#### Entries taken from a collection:
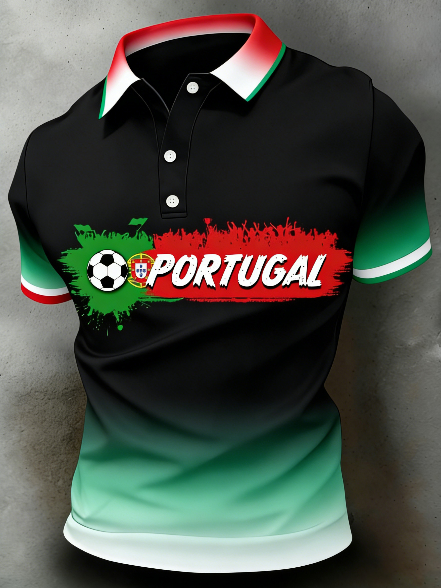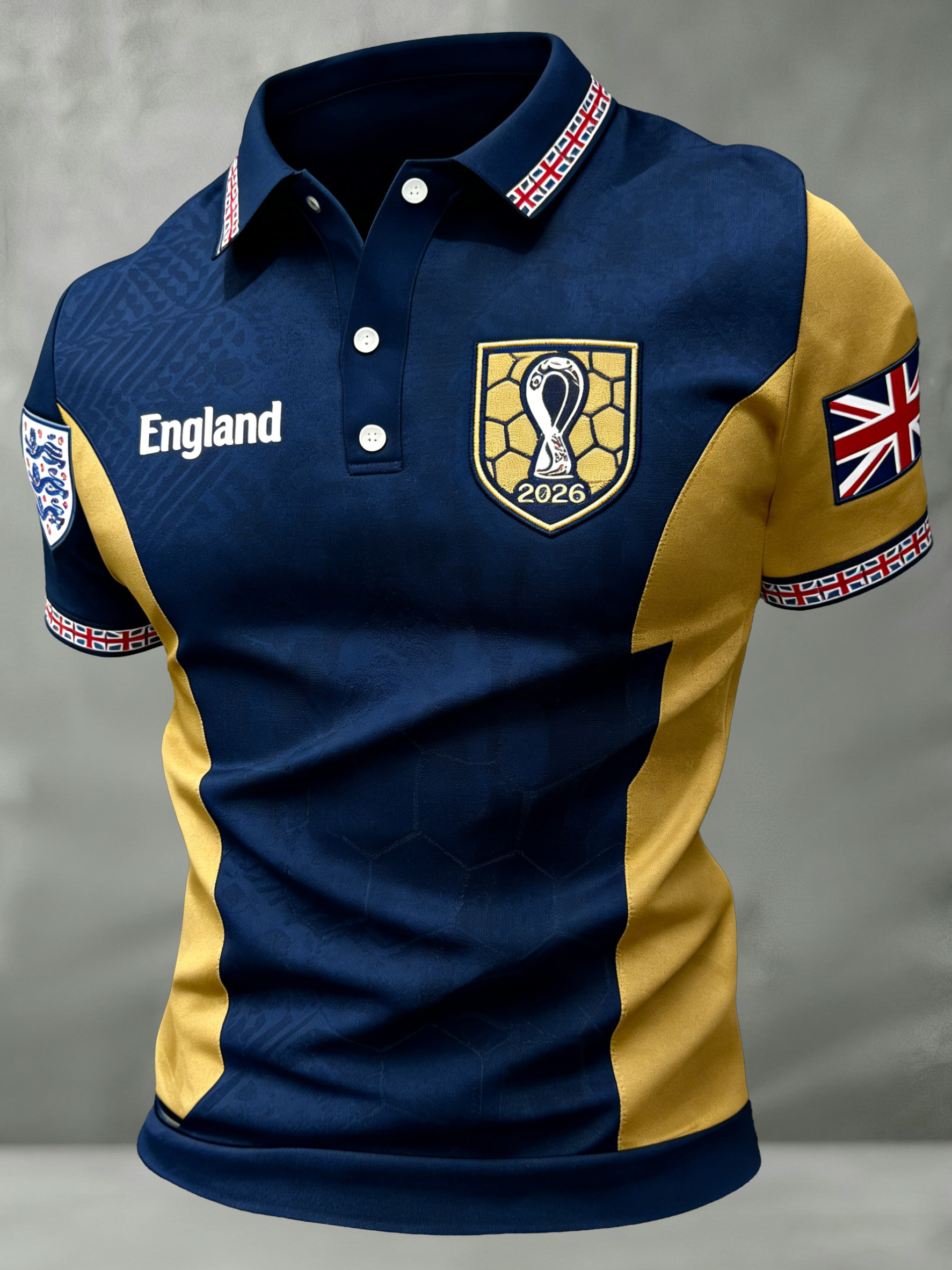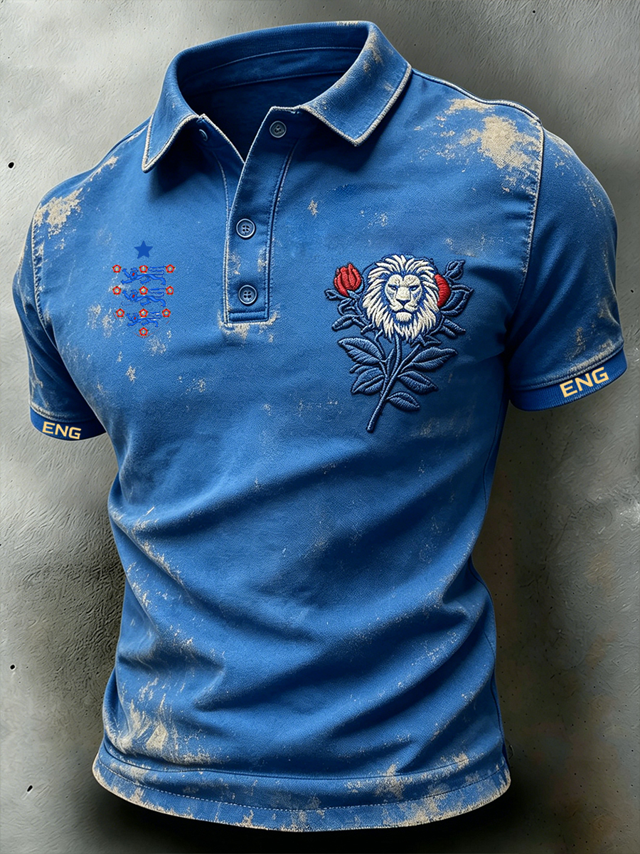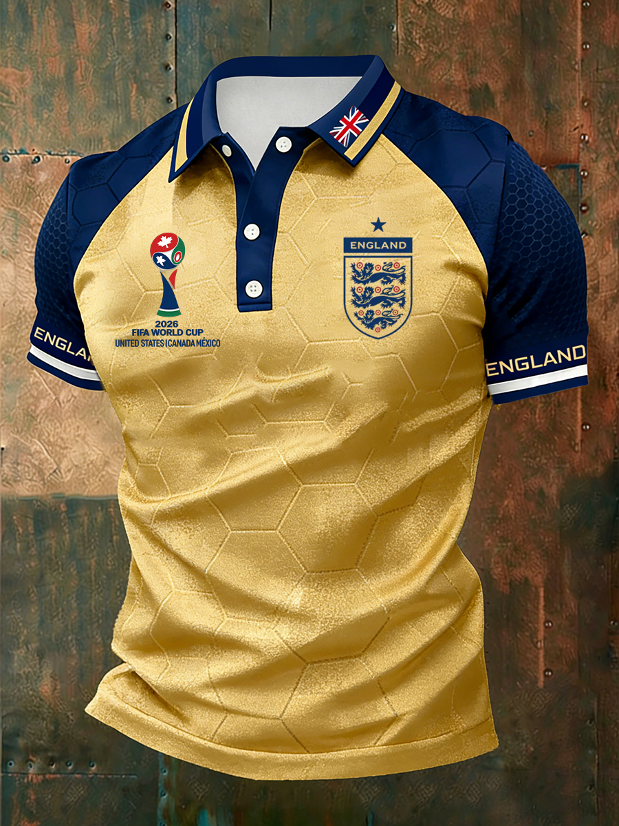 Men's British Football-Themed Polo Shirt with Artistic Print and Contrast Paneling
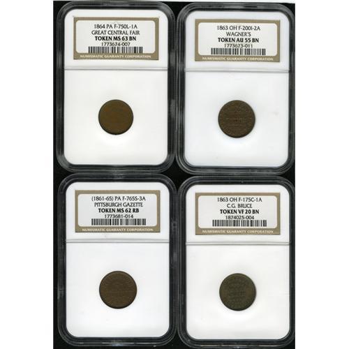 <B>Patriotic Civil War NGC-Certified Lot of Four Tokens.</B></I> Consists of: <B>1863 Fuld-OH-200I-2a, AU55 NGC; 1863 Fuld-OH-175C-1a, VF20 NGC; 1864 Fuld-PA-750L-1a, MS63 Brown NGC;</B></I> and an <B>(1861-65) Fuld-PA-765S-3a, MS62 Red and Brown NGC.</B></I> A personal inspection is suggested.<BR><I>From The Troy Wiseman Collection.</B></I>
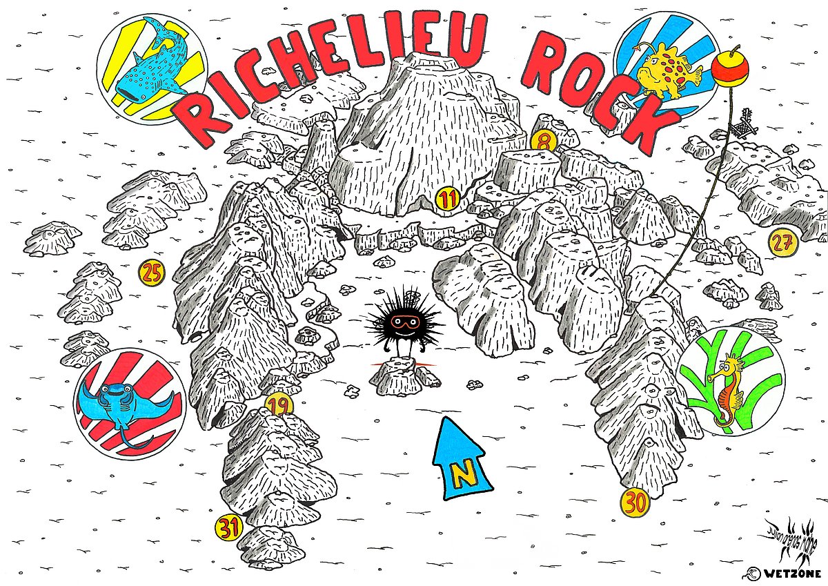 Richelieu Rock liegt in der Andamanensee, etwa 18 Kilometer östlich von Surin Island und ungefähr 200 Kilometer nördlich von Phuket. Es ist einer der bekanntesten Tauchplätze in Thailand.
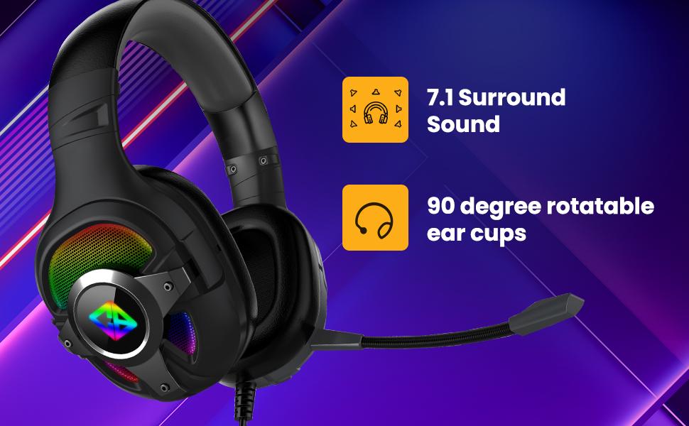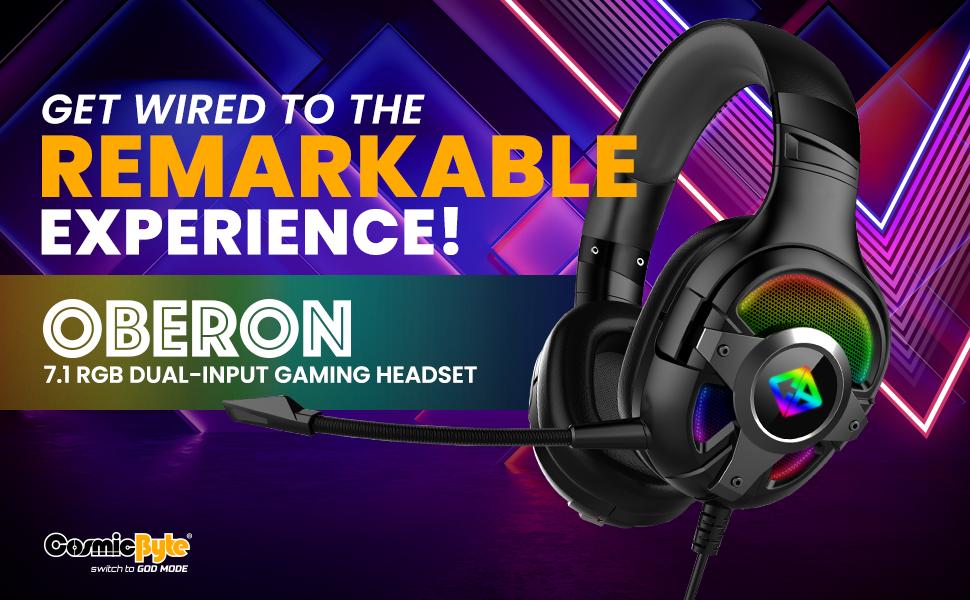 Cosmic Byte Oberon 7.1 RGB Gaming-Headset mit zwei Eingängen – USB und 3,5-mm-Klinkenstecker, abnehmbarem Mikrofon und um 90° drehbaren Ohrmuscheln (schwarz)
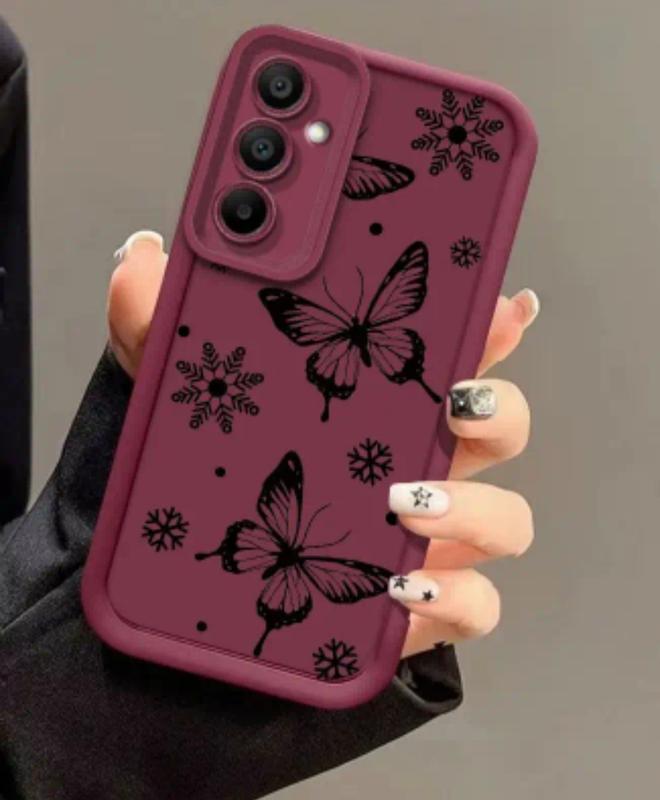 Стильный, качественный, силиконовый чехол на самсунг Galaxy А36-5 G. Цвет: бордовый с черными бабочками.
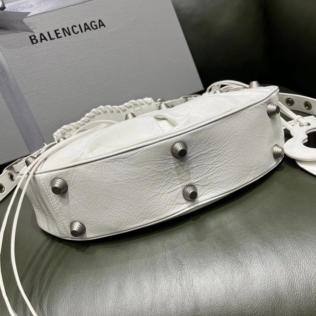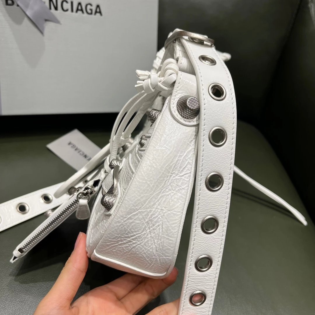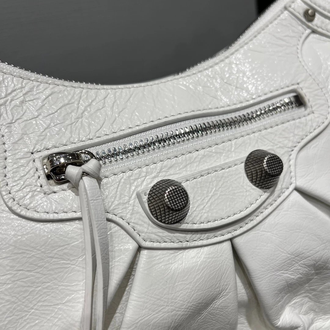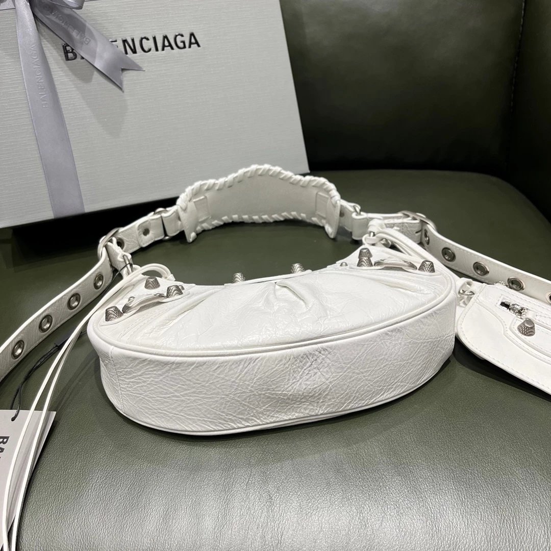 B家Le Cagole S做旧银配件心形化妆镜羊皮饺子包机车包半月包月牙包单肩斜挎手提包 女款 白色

#### Work required:
Copy out all the data without changing anything, and drop the pictures.

#### Task output:
 Men's British Football-Themed Polo Shirt with Artistic Print and Contrast Paneling
 <B>Patriotic Civil War NGC-Certified Lot of Four Tokens.</B></I> Consists of: <B>1863 Fuld-OH-200I-2a, AU55 NGC; 1863 Fuld-OH-175C-1a, VF20 NGC; 1864 Fuld-PA-750L-1a, MS63 Brown NGC;</B></I> and an <B>(1861-65) Fuld-PA-765S-3a, MS62 Red and Brown NGC.</B></I> A personal inspection is suggested.<BR><I>From The Troy Wiseman Collection.</B></I>
 Richelieu Rock liegt in der Andamanensee, etwa 18 Kilometer östlich von Surin Island und ungefähr 200 Kilometer nördlich von Phuket. Es ist einer der bekanntesten Tauchplätze in Thailand.
 Cosmic Byte Oberon 7.1 RGB Gaming-Headset mit zwei Eingängen – USB und 3,5-mm-Klinkenstecker, abnehmbarem Mikrofon und um 90° drehbaren Ohrmuscheln (schwarz)
 Стильный, качественный, силиконовый чехол на самсунг Galaxy А36-5 G. Цвет: бордовый с черными бабочками.
 B家Le Cagole S做旧银配件心形化妆镜羊皮饺子包机车包半月包月牙包单肩斜挎手提包 女款 白色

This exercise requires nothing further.